GIVEN DATA:
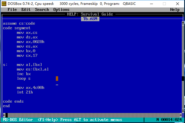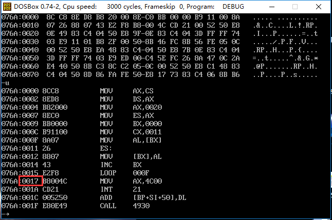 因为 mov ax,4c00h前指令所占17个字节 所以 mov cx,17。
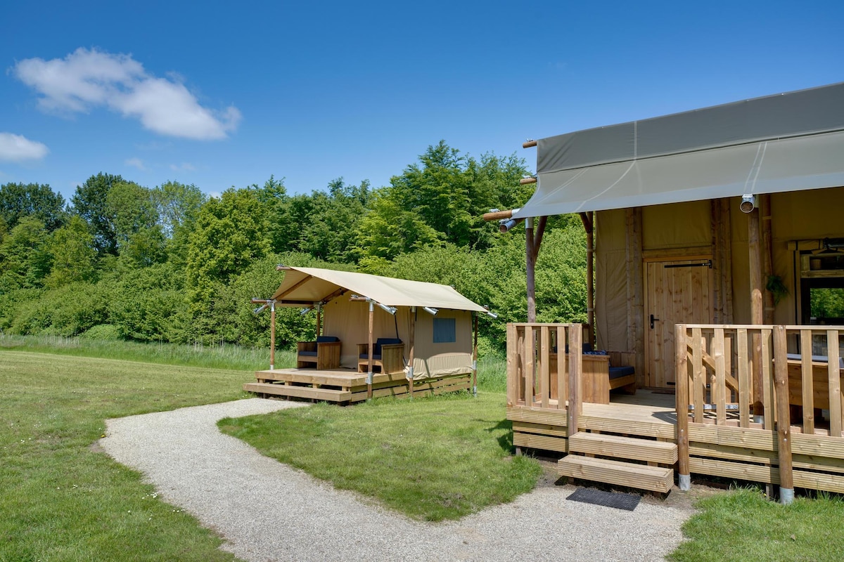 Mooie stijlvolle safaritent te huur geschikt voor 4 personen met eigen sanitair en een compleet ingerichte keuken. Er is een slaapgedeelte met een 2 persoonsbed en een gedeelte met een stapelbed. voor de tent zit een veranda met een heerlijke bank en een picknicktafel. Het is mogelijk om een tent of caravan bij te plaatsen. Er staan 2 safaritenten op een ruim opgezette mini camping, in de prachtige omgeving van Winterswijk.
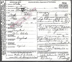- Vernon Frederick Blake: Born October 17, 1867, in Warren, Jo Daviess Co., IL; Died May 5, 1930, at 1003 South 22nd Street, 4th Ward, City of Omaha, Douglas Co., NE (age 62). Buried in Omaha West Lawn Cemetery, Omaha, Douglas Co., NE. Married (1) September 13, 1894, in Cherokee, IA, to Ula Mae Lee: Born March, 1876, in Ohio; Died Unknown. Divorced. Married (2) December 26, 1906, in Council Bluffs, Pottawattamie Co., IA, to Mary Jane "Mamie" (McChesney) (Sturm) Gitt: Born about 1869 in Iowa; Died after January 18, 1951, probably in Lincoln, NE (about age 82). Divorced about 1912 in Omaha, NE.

TASK REQUIREMENTS: Could you copy, exactly and with no pictures, each line from the first one above to the line holding "Mooie stijlvolle safaritent"?

PROBLEM SOLUTION:
 因为 mov ax,4c00h前指令所占17个字节 所以 mov cx,17。
 Mooie stijlvolle safaritent te huur geschikt voor 4 personen met eigen sanitair en een compleet ingerichte keuken. Er is een slaapgedeelte met een 2 persoonsbed en een gedeelte met een stapelbed. voor de tent zit een veranda met een heerlijke bank en een picknicktafel. Het is mogelijk om een tent of caravan bij te plaatsen. Er staan 2 safaritenten op een ruim opgezette mini camping, in de prachtige omgeving van Winterswijk.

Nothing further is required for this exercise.